ASSIGNMENT
Required from the data below: the exact lines starting at the line containing "Вингер сыграл всего" and ending at the line containing "Helix is composed", with both ends kept and all pictures dropped.

[Data entries]
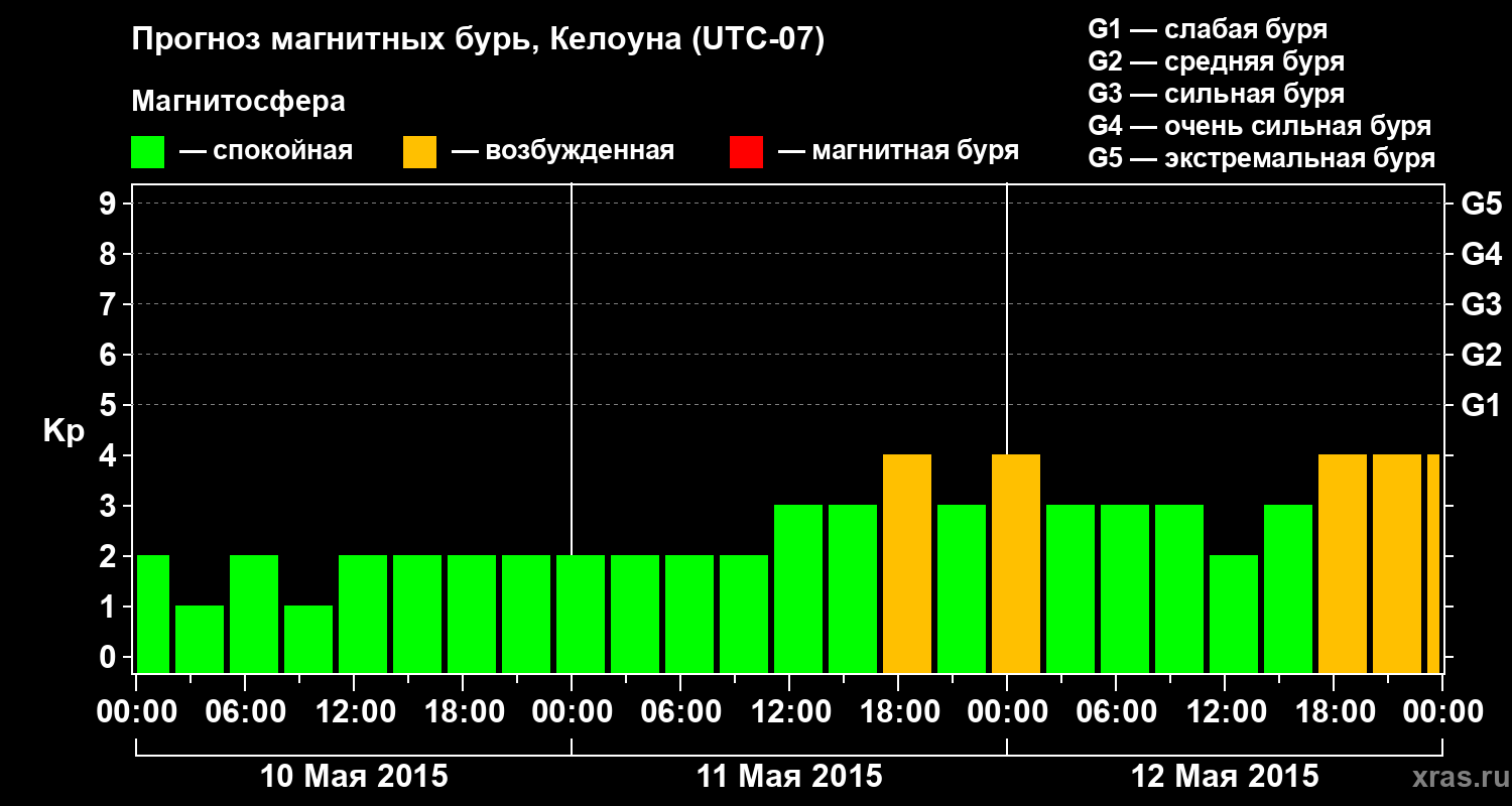 Прогноз магнитных бурь в Келоуне — 10 мая 2015 года
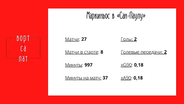 Вингер сыграл всего 27 матчей за два сезона во взрослом футболе. Среднее количество минут на матч составляет около 37. Феноменальной результативностью молодой футболист похвастаться не может. Любопытная информация (нерепрезентативно, для провокации): у Маркиньоса xG90 (ожидаемые голы на 90 минут) и xA90 (ожидаемые голевые передачи на 90 минут) выше, чем у Пепе в уходящем сезоне.
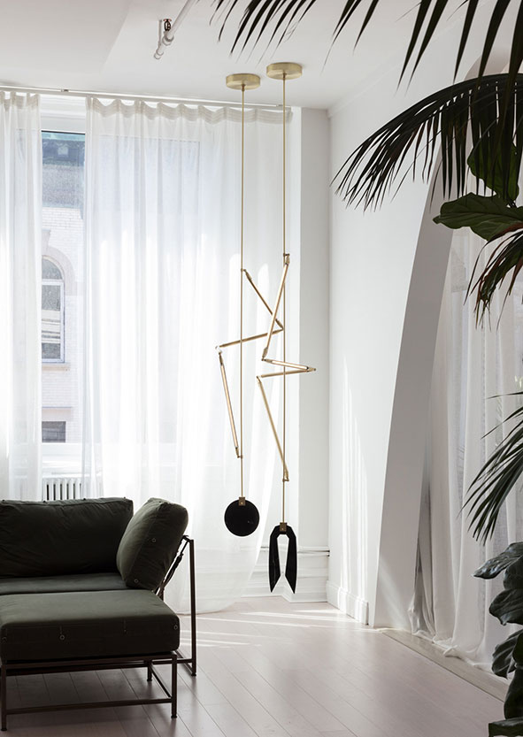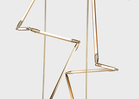 Helix is composed of custom brass hardware and LED tubes that wrap around a central support in a lean, angular composition. Helix is available with a stone counterweight for hanging fixtures, and in any of our standard brass finishes.
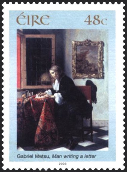 Visibility: public Image owner: none postage 9/9/2003 48c multi issue=150th Anniversary of the Irish National Gallery d=Gabriel Metsu - Man writing a letter unwmk Crops No visible images cropped from this one. Measurements Resolution is unknown. Source Source name: Colnect File URL: http://i.colnect.net/b/1902/357/Gabriel-Metsu---Man-writing-a-letter.jpg Uploaded February 4, 2014, 9:49 pm by Stan Shebs |
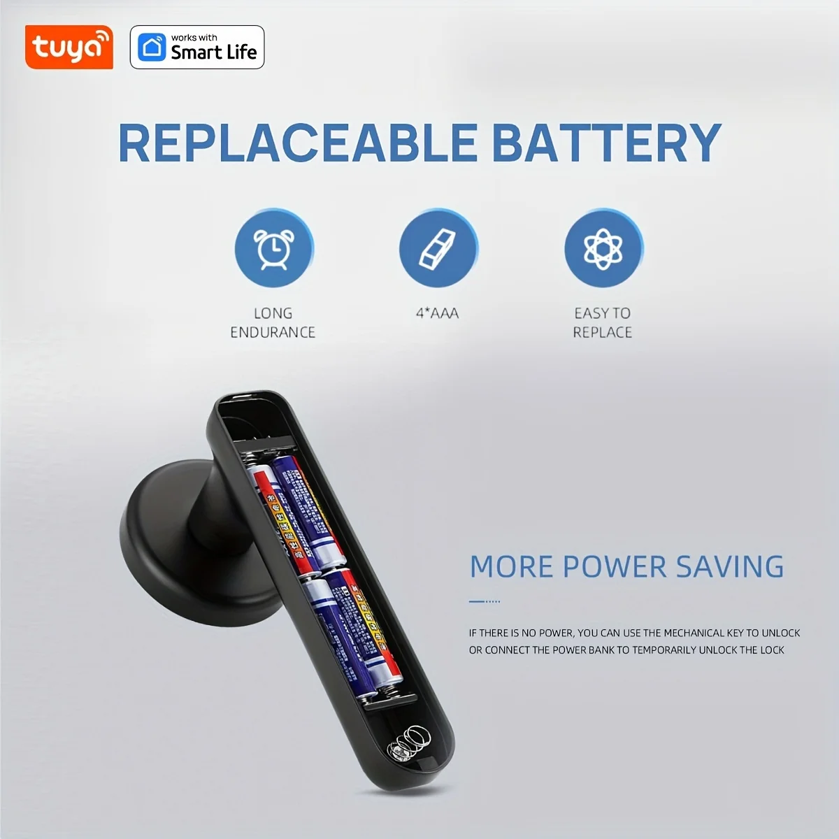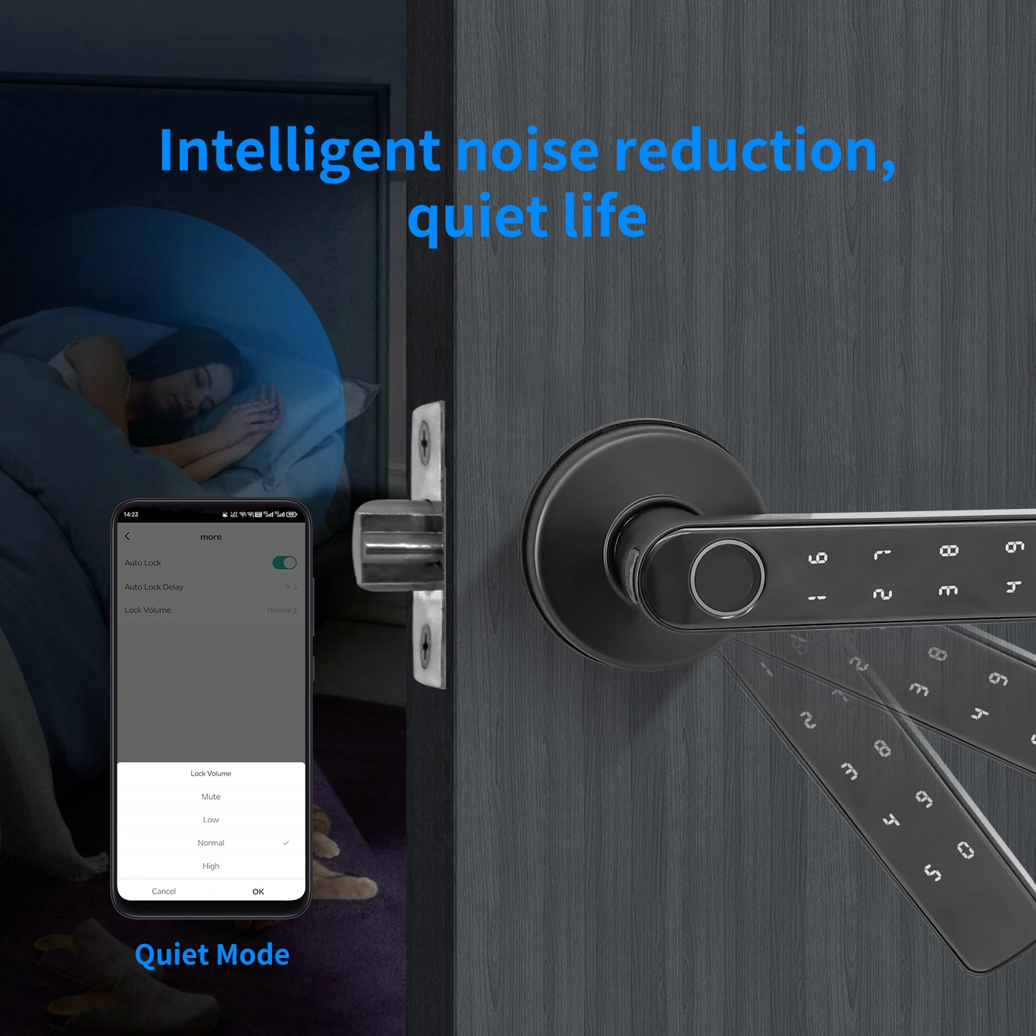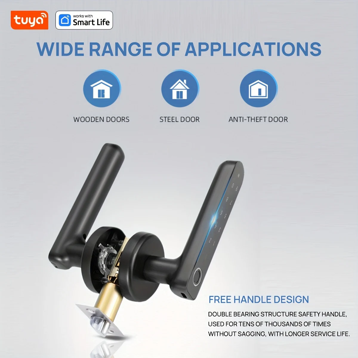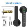 Smart Door Handle Lock – Offers four convenient unlocking methods: fast & secure fingerprint recognition, customizable 6-8-digit PIN codes, traditional mechanical key backup, and remote access via mobile app. Combines advanced security with smart home integration, ensuring keyless convenience and peace of mind. Durable, easy to install, and compatible with most doors.
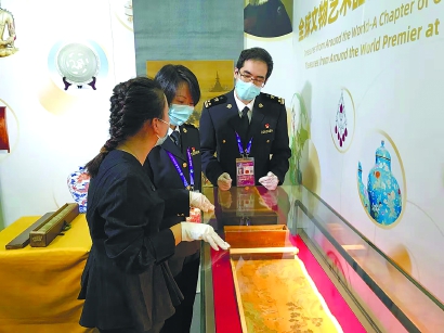 晨报讯 在今年11月举办的第三届进博会上,首次展出了5件中国古画,在国家有关部门和上海市的通力合作下,顺利完成了销售、清关、结算等一系列手续,并于12月9日完成最后的交接,5件中国文物艺术品首次通过进博会实现了回流。
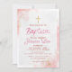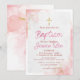 Ett stilrent marmorerat rosa dop inbjudningskort för dotter. Denna mall är anpassningsbar. För ytterligare anpassning, gå till "Anpassa ytterligare"
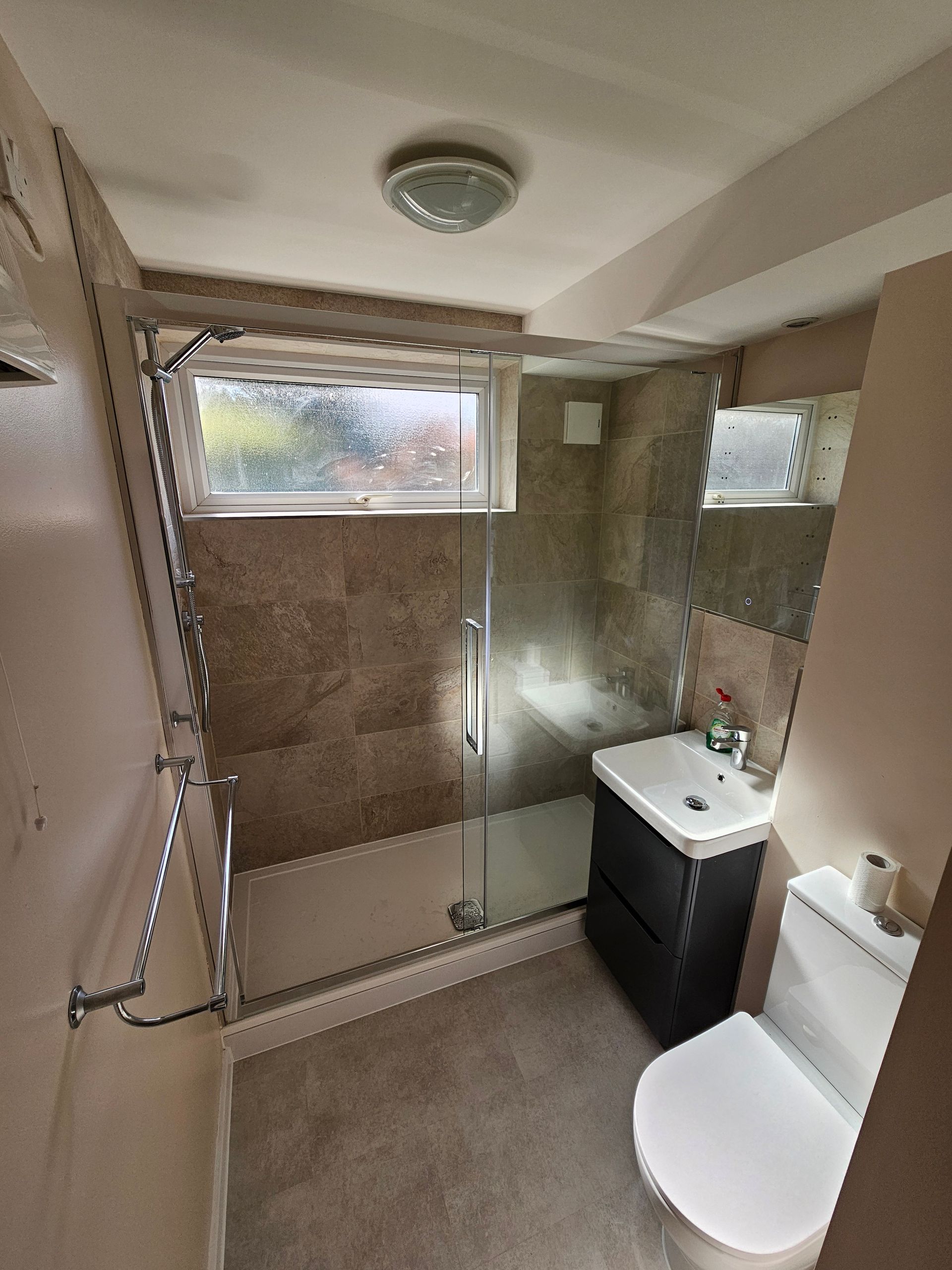 Initally the bathroom included a bath, this was replaced with a walk in shower.

SOLVED EXERCISE
 Вингер сыграл всего 27 матчей за два сезона во взрослом футболе. Среднее количество минут на матч составляет около 37. Феноменальной результативностью молодой футболист похвастаться не может. Любопытная информация (нерепрезентативно, для провокации): у Маркиньоса xG90 (ожидаемые голы на 90 минут) и xA90 (ожидаемые голевые передачи на 90 минут) выше, чем у Пепе в уходящем сезоне.
 Helix is composed of custom brass hardware and LED tubes that wrap around a central support in a lean, angular composition. Helix is available with a stone counterweight for hanging fixtures, and in any of our standard brass finishes.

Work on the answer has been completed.